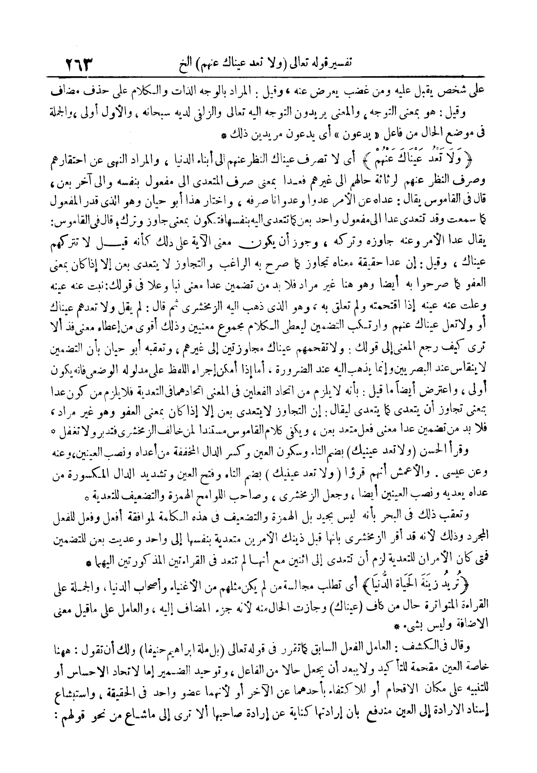 ولا تعد عيناك عنهم أي لا تصرف عيناك النظر عنهم إلى أبناء الدنيا والمراد النهي عن احتقارهم وصرف النظر عنهم لرثاثة حالهم إلى غيرهم فعدا بمعنى صرف المعتدي إلى مفعول بنفسه وإلى آخر بعن قال في القاموس يقال : عداه عن الأمر عدوا وعدوانا صرفه واختار هذا أبو حيان وهو الذي قدر المفعول كما سمعت وقد تتعدى عدا إلى مفعول واحد بعن كما تتعدى إليه بنفسها فتكون بمعنى جاوز وترك قال في القاموس : يقال عدا الأمر وعنه جاوزه وتركه وجوز أن يكون معنى الآية على ذلك كأنه قيل لا تتركهم عيناك وقيل : إن عدا حقيقة معناه تجاوز كما صرح به الراغب والتجاوز لا يتعدى بعن إلا إذا كان بمعنى العفو كما صرحوا به أيضا وهو هنا غير مراد فلا بد من تضمين عدا معنى نبا وعلا في قولك : نبت عنه عينه وعلت عنه عينه إذا اقتحمته ولم تعلق به وهو الذي ذهب إليه الزمخشري ثم قال : لم يقل ولا تعدهم عيناك أو ولا تعل عيناك عنهم وارتكب التضمين ليعطى الكلام مجموع معنيين وذلك أقوى من إعطاء معنى فذ ألا ترى كيف رجع المعنى إلى قولك : ولا تقحمهم عيناك مجاوزتين إلى غيرهم وتعقبه أبو حيان بأن التضمين لا ينقاس عند البصريين وإنما يذهب إليه عند الضرورة أما إذا أمكن إجراء اللفظ على مدلوله الوضعي فإنه يكون أولى واعترض أيضا ما قيل : بأنه لا يلزم من اتحاد الفعلين في المعنى اتحادهما في التعدية فلا يلزم من كون عدا بمعنى تجاوز أن يتعدى كما يتعدى ليقال : إن التجاوز لا يتعدى بعن إلا إذا كان بمعنى العفو وهو غير مراد فلا بد من تضمين عدا معنى فعل متعد بعن ويكفي كلام القاموس مستندا لمن خالف الزمخشري فتدبر ولا تغفل
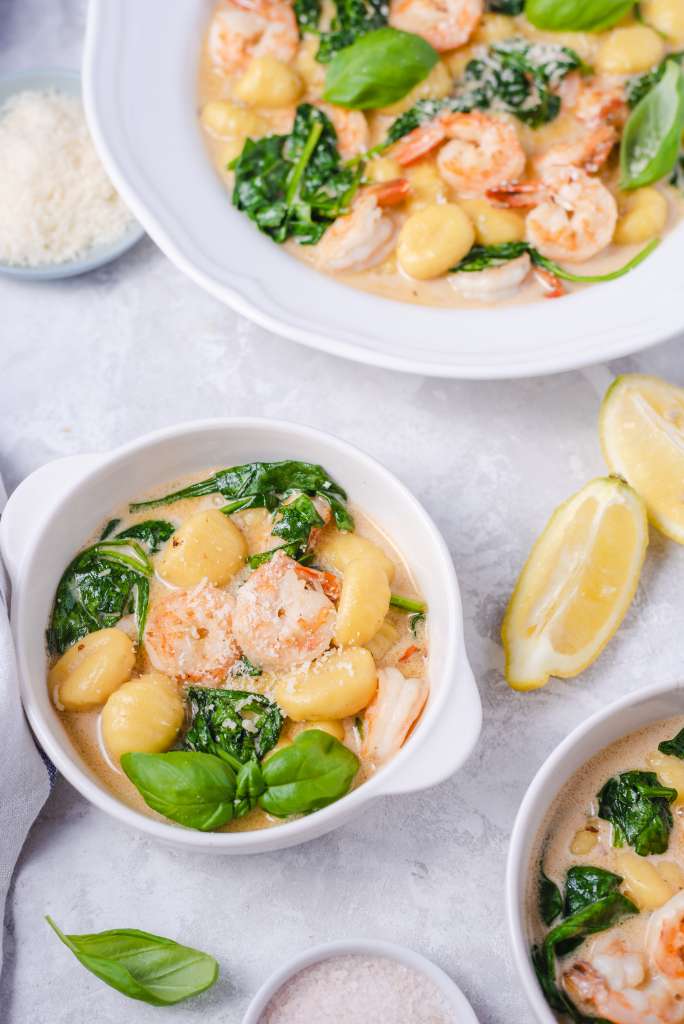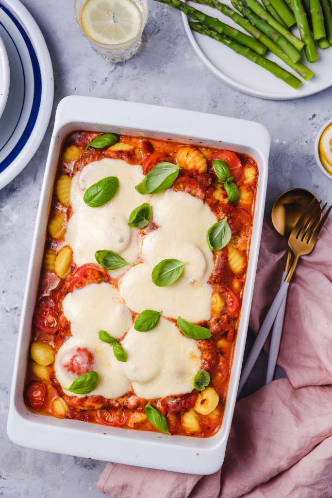 Na dużej patelni rozgrzać oliwę, dodać plasterki czosnku i smażyć około 1 minuty, dodać pomidory i przyprawy. Gotować pod przykryciem około 10 minut, aż sos stanie się gęsty i bardziej jednolity. Do naczynia żaroodpornego wlać połowę sosu pomidorowego i dodać śmietankę. wymieszać. Gnocchi przygotować wg instrukcji na opakowaniu. Gnocchi wyłożyć na sos pomidorowy, na to […]
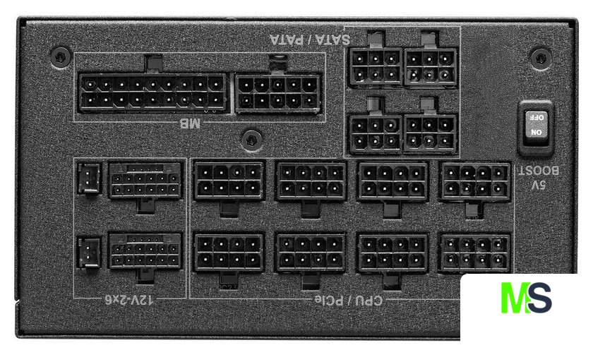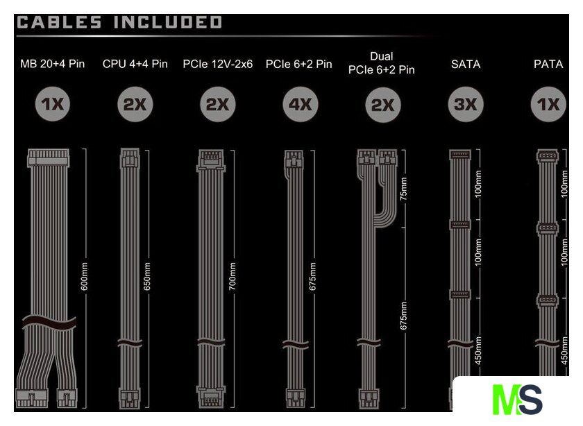 | Комплектация | - кабель питания 24 pin- 2 кабеля питания CPU 4+4 pin- 2 кабеля PCIe Gen5 (12V-2x6)- кабели PCIe 6+2 pin (8 коннекторов)- кабели SATA (9 коннекторов)- кабели IDE 4 pin (3 коннектора) |
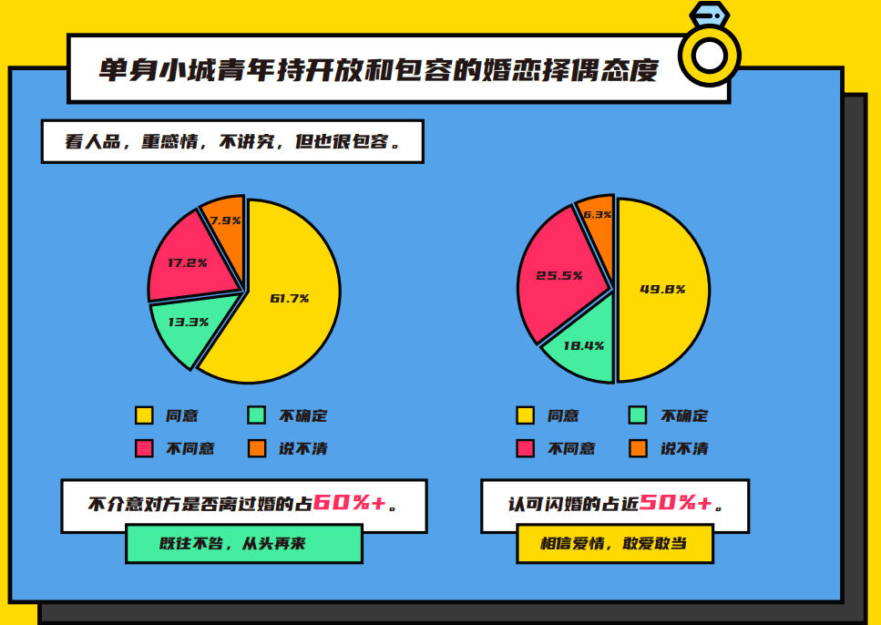 有6成以上的人不介意对方是否有婚史,5成以上认可闪婚。可见,小城青年持开放包容的婚恋态度。
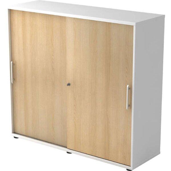 -Schiebetürenschrank Serie X mit 3 Ordnerhöhen Diese abschließbaren Schiebetürenschränke sind mit einer Mittelseite ausgestattet, die ein Durchbiegen der Platte verhindert und somit den leichten Lauf der beiden Schiebetüren garantiert.
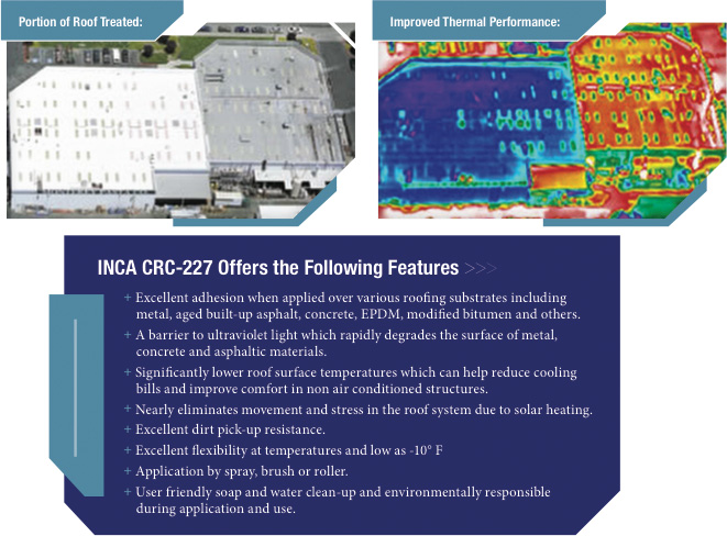 INCA CRC-227 radiant heat neutralizing membrane is a single component, water based acrylic elastomeric. This roof material incorporates heat dissipating properties to provide a neutralizing barrier against solar heat gain in the summer and preventing some heat loss from inside the structure during the winter.

• • •

Print the data above exactly; drop every picture.

 ولا تعد عيناك عنهم أي لا تصرف عيناك النظر عنهم إلى أبناء الدنيا والمراد النهي عن احتقارهم وصرف النظر عنهم لرثاثة حالهم إلى غيرهم فعدا بمعنى صرف المعتدي إلى مفعول بنفسه وإلى آخر بعن قال في القاموس يقال : عداه عن الأمر عدوا وعدوانا صرفه واختار هذا أبو حيان وهو الذي قدر المفعول كما سمعت وقد تتعدى عدا إلى مفعول واحد بعن كما تتعدى إليه بنفسها فتكون بمعنى جاوز وترك قال في القاموس : يقال عدا الأمر وعنه جاوزه وتركه وجوز أن يكون معنى الآية على ذلك كأنه قيل لا تتركهم عيناك وقيل : إن عدا حقيقة معناه تجاوز كما صرح به الراغب والتجاوز لا يتعدى بعن إلا إذا كان بمعنى العفو كما صرحوا به أيضا وهو هنا غير مراد فلا بد من تضمين عدا معنى نبا وعلا في قولك : نبت عنه عينه وعلت عنه عينه إذا اقتحمته ولم تعلق به وهو الذي ذهب إليه الزمخشري ثم قال : لم يقل ولا تعدهم عيناك أو ولا تعل عيناك عنهم وارتكب التضمين ليعطى الكلام مجموع معنيين وذلك أقوى من إعطاء معنى فذ ألا ترى كيف رجع المعنى إلى قولك : ولا تقحمهم عيناك مجاوزتين إلى غيرهم وتعقبه أبو حيان بأن التضمين لا ينقاس عند البصريين وإنما يذهب إليه عند الضرورة أما إذا أمكن إجراء اللفظ على مدلوله الوضعي فإنه يكون أولى واعترض أيضا ما قيل : بأنه لا يلزم من اتحاد الفعلين في المعنى اتحادهما في التعدية فلا يلزم من كون عدا بمعنى تجاوز أن يتعدى كما يتعدى ليقال : إن التجاوز لا يتعدى بعن إلا إذا كان بمعنى العفو وهو غير مراد فلا بد من تضمين عدا معنى فعل متعد بعن ويكفي كلام القاموس مستندا لمن خالف الزمخشري فتدبر ولا تغفل
 Na dużej patelni rozgrzać oliwę, dodać plasterki czosnku i smażyć około 1 minuty, dodać pomidory i przyprawy. Gotować pod przykryciem około 10 minut, aż sos stanie się gęsty i bardziej jednolity. Do naczynia żaroodpornego wlać połowę sosu pomidorowego i dodać śmietankę. wymieszać. Gnocchi przygotować wg instrukcji na opakowaniu. Gnocchi wyłożyć na sos pomidorowy, na to […]
 | Комплектация | - кабель питания 24 pin- 2 кабеля питания CPU 4+4 pin- 2 кабеля PCIe Gen5 (12V-2x6)- кабели PCIe 6+2 pin (8 коннекторов)- кабели SATA (9 коннекторов)- кабели IDE 4 pin (3 коннектора) |
 有6成以上的人不介意对方是否有婚史,5成以上认可闪婚。可见,小城青年持开放包容的婚恋态度。
 -Schiebetürenschrank Serie X mit 3 Ordnerhöhen Diese abschließbaren Schiebetürenschränke sind mit einer Mittelseite ausgestattet, die ein Durchbiegen der Platte verhindert und somit den leichten Lauf der beiden Schiebetüren garantiert.
 INCA CRC-227 radiant heat neutralizing membrane is a single component, water based acrylic elastomeric. This roof material incorporates heat dissipating properties to provide a neutralizing barrier against solar heat gain in the summer and preventing some heat loss from inside the structure during the winter.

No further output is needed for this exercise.